Robespierre, Saint-Just and their partisans failed because they did not

distinguish antiquity based on real slavery from the modern

representative State based on emancipated slavery, i.e., bourgeois

society with its universal competition, its unbridled private interests

and its alienated individualism. Napoleon, who understood perfectly the

nature of the modern State and modern society, considered the State as

an end in itself and bourgeois society as the instrument of his

political ambitions. To satisfy the egoism of the French nation, he

instituted permanent war in place of permanent revolution. His defeat

confirmed the victory of the liberal bourgeoisie which in 1830 was

finally able to make its dreams of 1789 become true: to make the

constitutional representative State the social expression of its

monopoly of power and sectional interests.

Marx, as a permanent observer of both the political evolution and

economic development of French society, was constantly concerned with

the problem of Bonapartism.[7] He considered that the French Revolution

was the classic period of the political idea and that the Bonapartist

tradition was a constant of the internal and external politics of

France. He also outlined a theory of modern Caesarism which, even if it

seemed to contradict in part the methodological principles of his theory

of the State, did not modify his initial anarchist vision. For at the

very time he was getting ready to set out the basic principles of his

materialist conception of history he had formulated the following

conception of the State which places him amongst the most radical

anarchism:

“The existence of the state is inseparable from the existence of slavery

... The more powerful a state and hence the more political a nation, the

less inclined it is to explain the general principle governing social

ills and to seek out their causes by looking at the principle of the

state — i.e., at the actual organization of society of which the state

is the active, self-conscious and official expression.”[8]

The example of the French Revolution seemed to him at that time to be

sufficiently convincing to make him put forward a view which only

corresponded in part to the political sociology which he was soon to set

out in the German Ideology, but which can be found much later in his

reflections on the Second Empire and the 1871 Commune.

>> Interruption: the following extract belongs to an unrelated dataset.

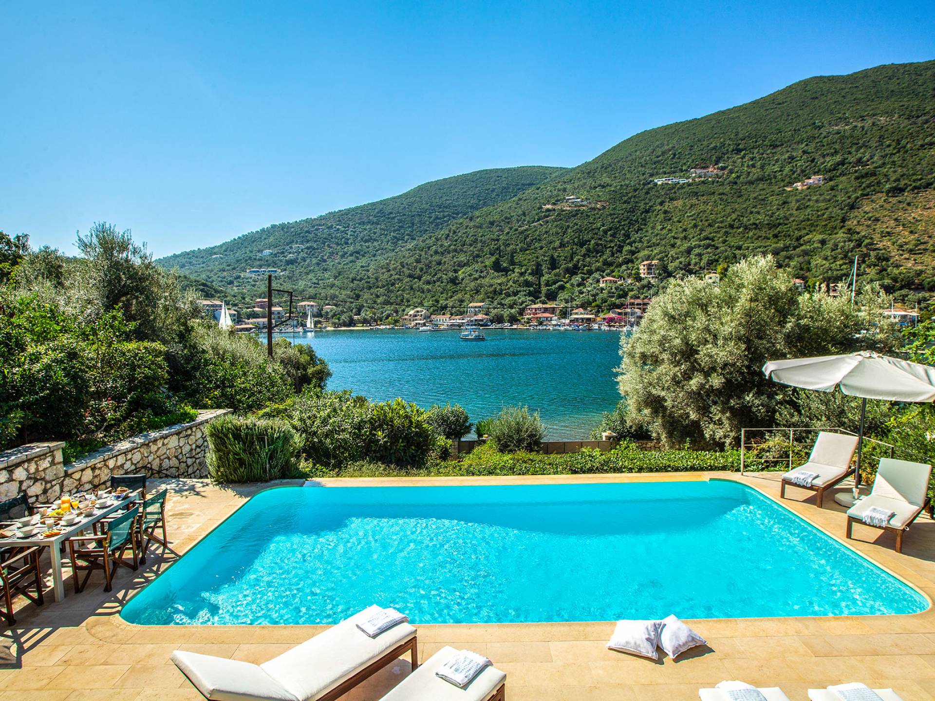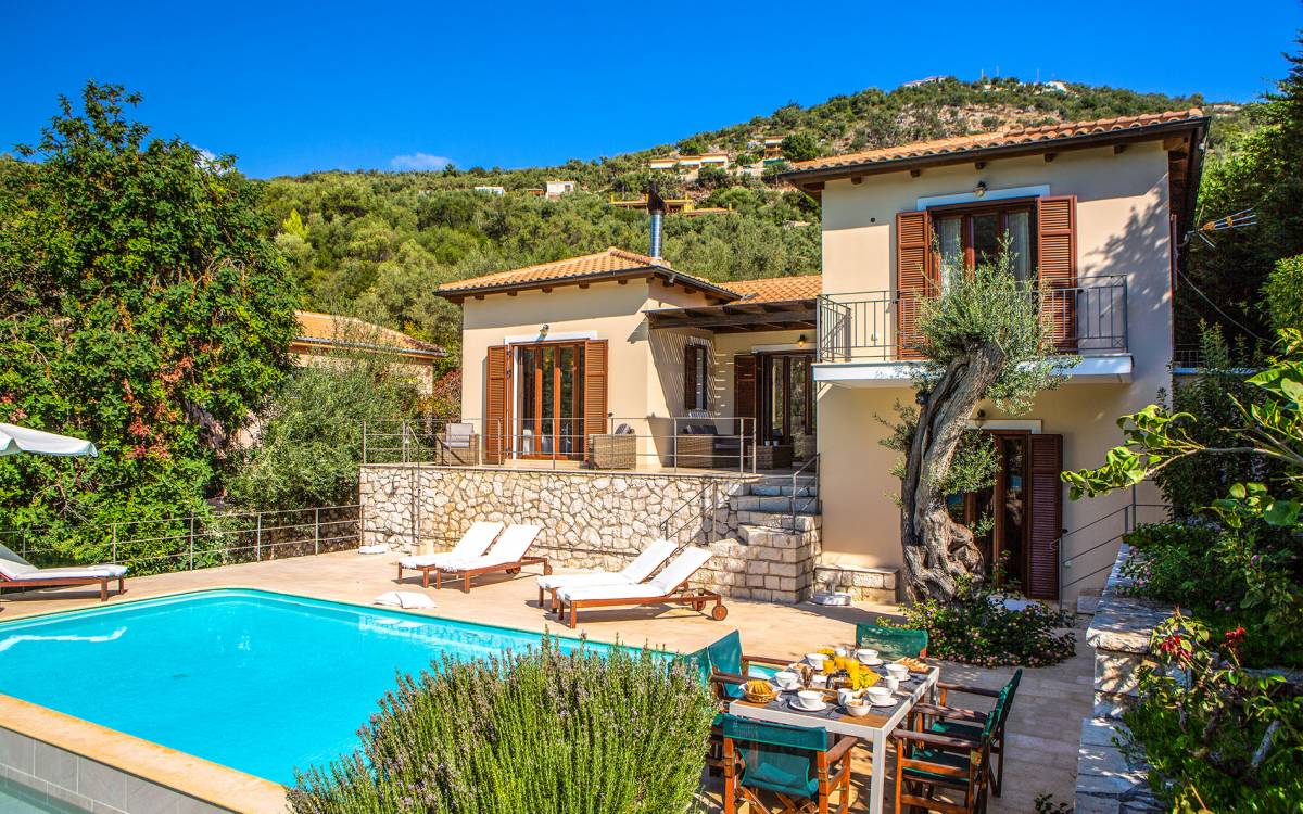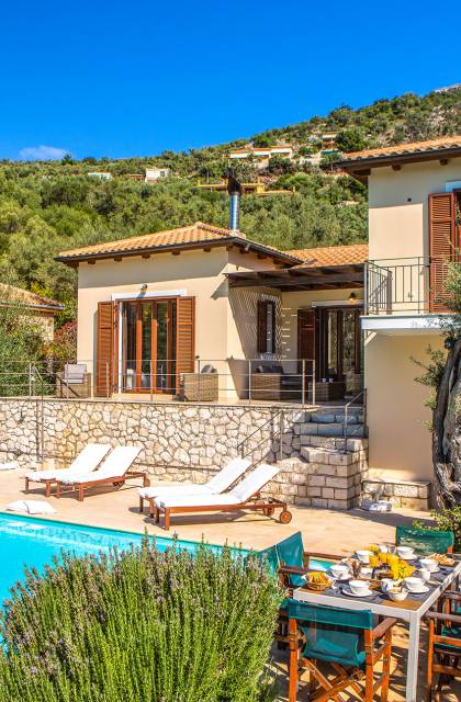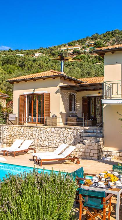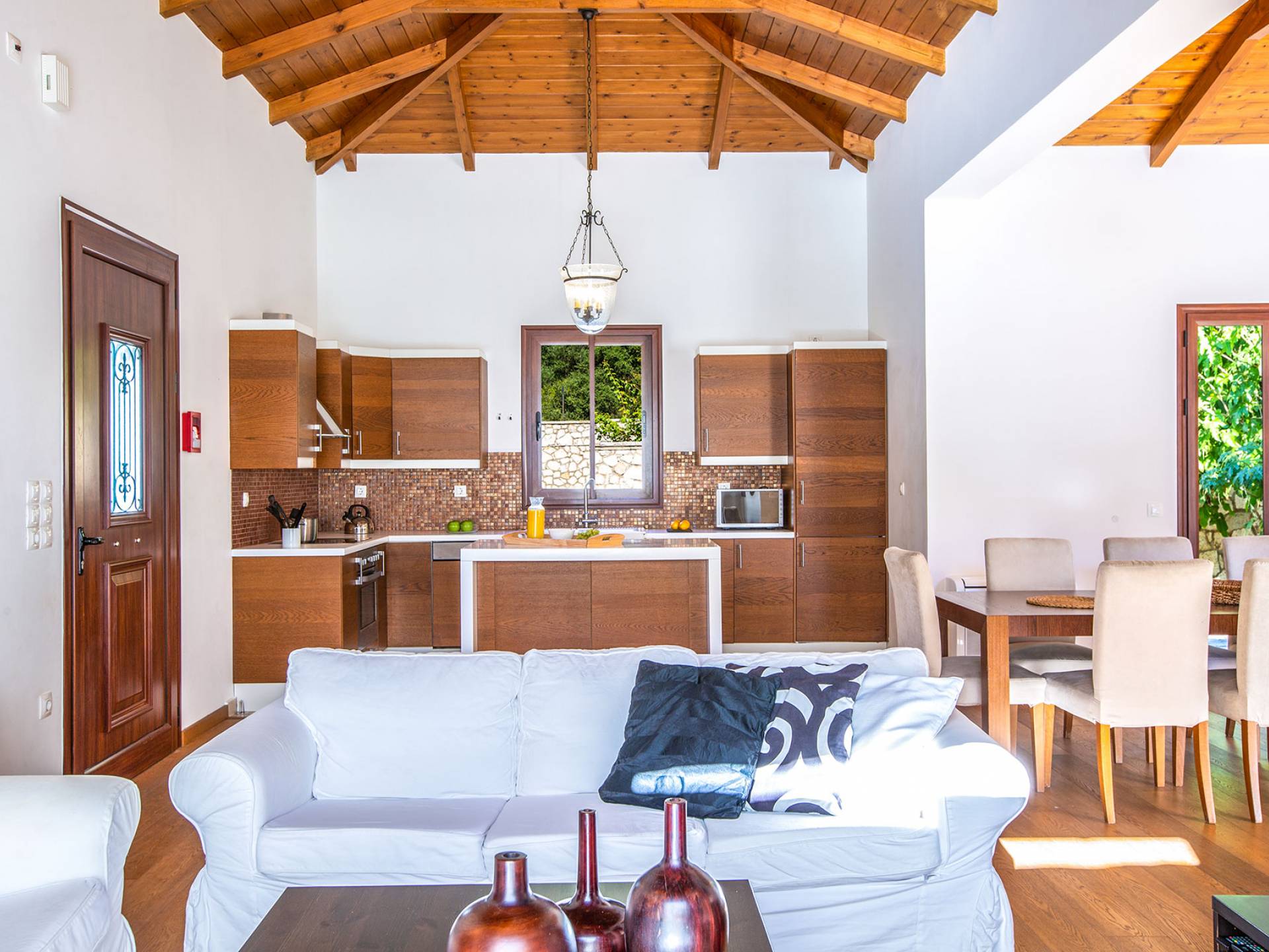 Villa Christina bei Arodo Villas Lefkada ist eine Luxusvilla mit 4 Schlafzimmern und privatem Pool. Eine Villa von auffallender Schönheit, deren 145 m2 bis zu 8 Gäste beherbergen können. Es besteht aus einem einheitlichen Erdgeschoss mit Küche, Wohnzimmer und Esszimmer, während die 4 Schlafzimmer und die 2 Badezimmer auf 2 Ebenen verteilt sind und den Vorteil der Unabhängigkeit auch innerhalb der Familie oder innerhalb der Gruppe von Freunden bieten, die in der Villa wohnen. Holzdächer, exquisite dekorative Artefakte und Kunstwerke und ein uneingeschränkter Blick auf das Meer schaffen eine charmante, friedliche und luxuriöse Umgebung für Ihren Urlaub.

“Far from identifying the principle of the state as the source of social

ills, the heroes of the French Revolution held social ills to be the

source of political problems. Thus Robespierre regarded great wealth and

great poverty as an obstacle to pure democracy. He therefore wished to

establish a universal system of Spartan frugality. The principle of

politics is the will.”[9]

When twenty-seven years later in connexion with the Paris Commune Marx

was to return to the historical origins of the political absolutism

which the Bonapartist State represented, he was to see in the

centralisation carried out by the French Revolution the continuation of

the traditions of the monarchy:

“The centralized State machinery which, with its ubiquitous and

complicated military, bureaucratic, clerical and judiciary organs,

entoils (enmeshes) the living civil society like a boa constrictor, was

first forged in the days of absolute monarchy as a weapon of nascent

modern society in its struggle of emancipation from feudalism ... The

first French Revolution with its task to found national unity (to create

a nation) ... was, therefore, forced to develop, what absolute monarchy

had commenced, the centralization and organization of State power, and

to expand the circumference and the attributes of the State power, the

number of its tools, its independence, and its supernaturalist sway of

real society ... Every minor solitary interest engendered by the

relations of social groups was separated from society itself, fixed and

made independent of it and opposed to it in the form of State interest,

administered by State priests with exactly determined hierarchical

functions.”[10]

This passionate denunciation of the power of the State in some way sums

up all the work of study and critical reflection which Marx carried out

in this field: his confrontation with the moral and political philosophy

of Hegel; the period during which he worked out the materialist

conception of history; his fifteen years of political and professional

journalism; and, not to be forgotten, his intense activity within the

International Workingmen’s Association. The Commune seems to have given

Marx the opportunity to put the finishing touches to his thoughts on the

problem for which he had reserved one of the six books of his Economy

and to give a picture, if only in outline, of that free association of

free men whose coming had been announced by the Communist Manifesto.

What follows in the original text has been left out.